In Iran, art at the heart of the revolt

This brigade, known as the Gasht-e Ershad (orientation patrols) and created under the ultra-conservative presidency of Mahmoud Ahmadinejad to ensure that the Islamic dress code is respected, crystallized a large part of the protest that arose after the death of Mahsa Amini, in mid-September. The young Kurd, arrested by this unit for incorrectly wearing the veil, died three days later in detention.

“A cost-benefit calculation”

But this announcement, notably relayed by Agence France-Presse, raised a wave of skepticism and caution among observers and opponents alike. First, because as the Attorney General himself said, this brigade does not depend on the judiciary, but on the Supreme Council of the Cultural Revolution, headed by President Ebrahim Raïssi, which would be responsible for announcing officially such a decision. Mohammad Jafar Montazeri, he was only answering a question from a participant – « why the morality police was closed? » –, this brigade having in fact disappeared from the streets in recent weeks, in favor of other repression units. The response of the Attorney General can therefore be understood as an observation, and not as an announcement.

Some also fear a tactic of the ultra-conservative regime, which could rename it or transfer the powers of this brigade, targeted by Western sanctions, to the regular police. “This announcement may seem important, but it is not. After three months of protests, deaths, and videos of vice police clashing with women, maintaining the police was costly (politically, Editor’s note). It is a cost/benefit calculation. It was therefore deleted. said Iranian analyst and activist Fereshteh Sadeghi on Twitter.

Three days of national mobilization

If confirmed, the dismantling of these brigades of men in green uniforms and women in black chadors would in any case not mean the repeal of the 1983 law on the compulsory wearing of the veil, imposed four years after the Islamic Revolution of 1979. The authorities announced on Saturday their intention to revise it, but did not specify in what direction it could be.

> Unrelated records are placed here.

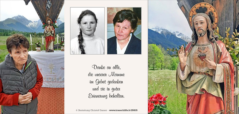 Unsere liebe Mamme ist ab Freitagnachmittag in der Pfarrkirche von Antholz-Niedertal aufgebahrt.
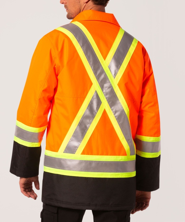 SÉCURITAIRE AVANT TOUT: Matériau réfléchissant de 2 po en bandes contrastantes de 4 po, conforme à la configuration WCB/WorkSafe/DOT. Entièrement conforme aux normes de sécurité : CSA Z96-15, catégorie 1, niveau 2
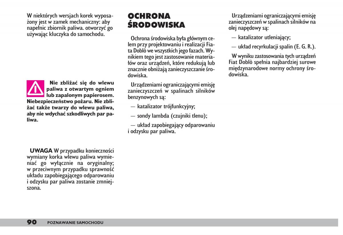 owners manual Fiat Doblo - year of production: 2000, 2001, 2002, 2003, 2004, 2005, 2006, 2007, 2008, 2009, 2010 - fiat Doblo I 1 instrukcja obslugi PL
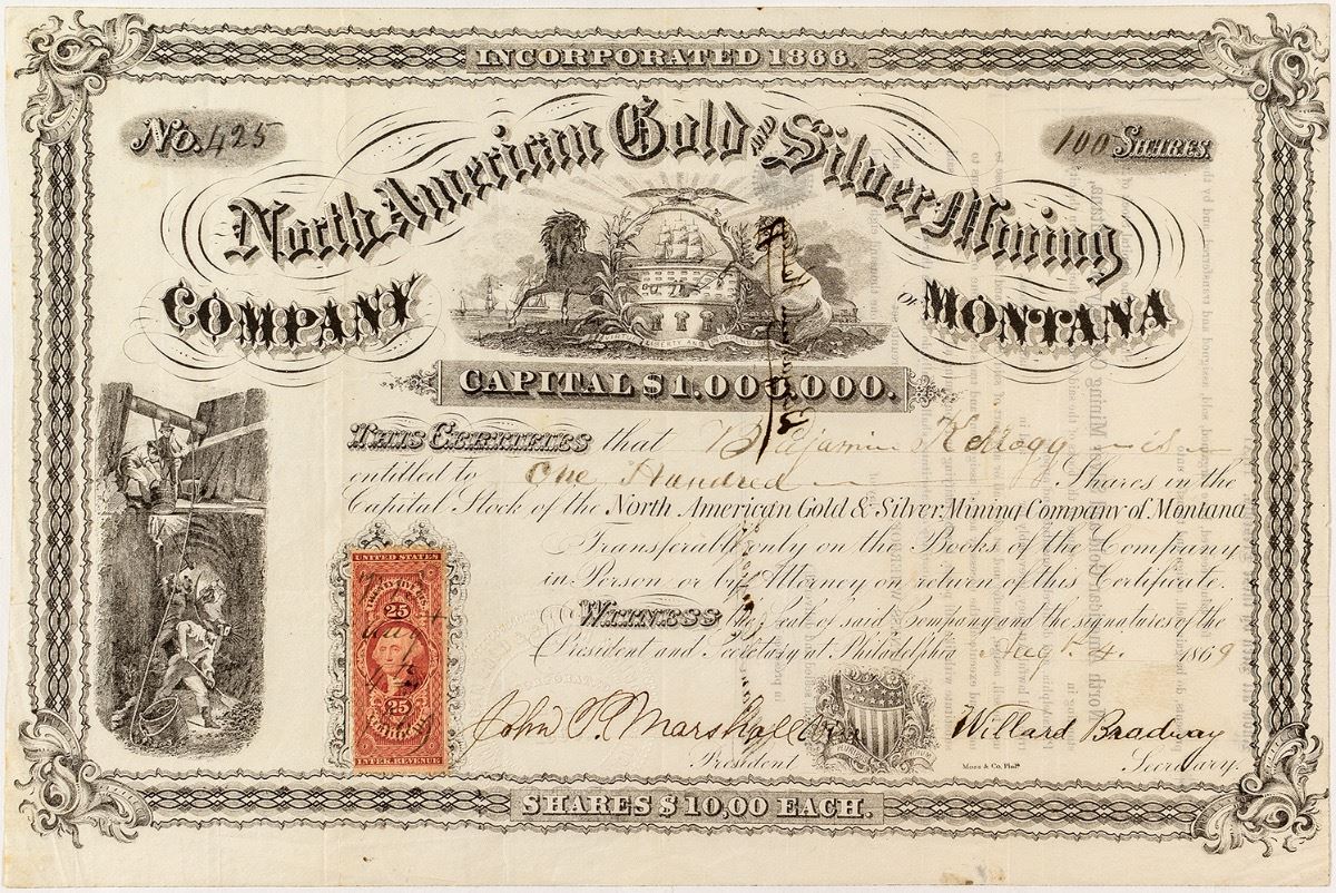 Very early Montana mining piece. Inc. 1866. No. 425, issued in Philadelphia, where much of the early Montana financing was coming from. 100 shares to Benjamin Kellogg on Aug. 4, 1869. Signed by John Marshall (vice president) and Willard Bradway (secretary). Not cancelled. Great mining vignette showing miners with headlamp and ore bucket. Allegorical vignette at top. Printed by Moses & Co., Philadelphia. 25 cent adhesive revenue stamp with pen cancel. 7.75" x 11.5" Folds and light wear. Difficult to locate additional information on the company. Possibly out of Helena. City: State: Montana Date: ID: 36645
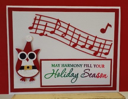 Punched Santa Owl (Stampin' Up), and adhered to white CS. Adhered music die cut. Stamped quote (Hero Arts), and matted to red CS. Adhered to white CB. TFS

And above all, the end of the Gasht-e Ershad would not sound that of the bloody repression intended to stifle the protest movement, as Mahmood Amiry-Moghaddam, president of the NGO Iran Human Rights, points out. “Abolition of the morality police does not change anything: people are fed up with an oppressive, incompetent and corrupt regime and want their basic rights. The regime wants to cling to power by all means: murder of more than 448 people including 60 children, death sentence…”

Whatever the future of Gasht-e Ershad, popular anger remains fierce: a national call to demonstrate has even been launched for three days from Monday, December 5.


French arrested: Macron denounces Tehran’s “lies”

Emmanuel Macron denounced on Sunday December 4 the ” lies “ of the Iranian authorities and assured to have “put very firm pressure” on his counterpart Ebrahim Raïssi in the face of imprisonment “unacceptable” of seven French or Franco-Iranian nationals, in an interview at the Parisian. “A lot of lies have been told” about their arrest in Iran, protested the president, three weeks after condemning “increasing aggressiveness” from Tehran. They “came to Iran sometimes for academic or associative reasons. There is nothing that justifies their imprisonment, it is unacceptable in our eyes”he added.